Being someone that always tries to find a reason for everything, it’s sometimes hard, especially when everything seems to be heading in the opposite direction of the way you want to be going.
It’s almost a month ago now since my great grandma past, and some days I find myself asking why? Surely there has to be a reason that some higher power, whatever that may be, decided that it was her time to go. And maybe there was, and maybe I know the answer, but that is all a tale for another day.
I am also starting to question how I came to be seeing a guy for over two months, after possibly being THE number one activist for the single-life? After all of my rambling on about how good life is when you are a single 18-year-old girl, I find myself almost in a relationship?
As amazing as my relationship is with this boy, it is still hard to comprehend. Am I the biggest hypocrite to walk this earth?
I find myself picking fights with him 24/7 thinking that maybe he will leave, and I will be single again, and then I will have the comfort of knowing that I was promoting the life that I was actually living. But he hasn’t left, and I don’t really think I want him to, but there is still this lingering feeling that I am living a double life.
I am online preaching that the best way to live is basically boy-free, while sitting in my bed watching a movie with the guy I am seeing. I am telling you all to have a strong, empowering and close-nit relationship with your girlfriends, yet it feels like forever since I have been together with mine, or even spoken to them.

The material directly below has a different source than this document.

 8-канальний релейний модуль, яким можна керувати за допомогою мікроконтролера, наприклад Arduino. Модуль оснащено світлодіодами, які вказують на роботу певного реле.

But at the end of the day, I have to keep telling myself that there is a reason why I was writing on topics like focusing on yourself and not worrying about relationships back then, and why I am in one now. There is a reason why all of my girlfriends in SMC are busy now, and we all haven’t had the time to catch up with one another as a group. I just have to wait for that reason to become apparent.
It really is scary sometimes when you are unsure why different things are happening, or why some things aren’t, but at the end of the day, you just have to let fate do its magic.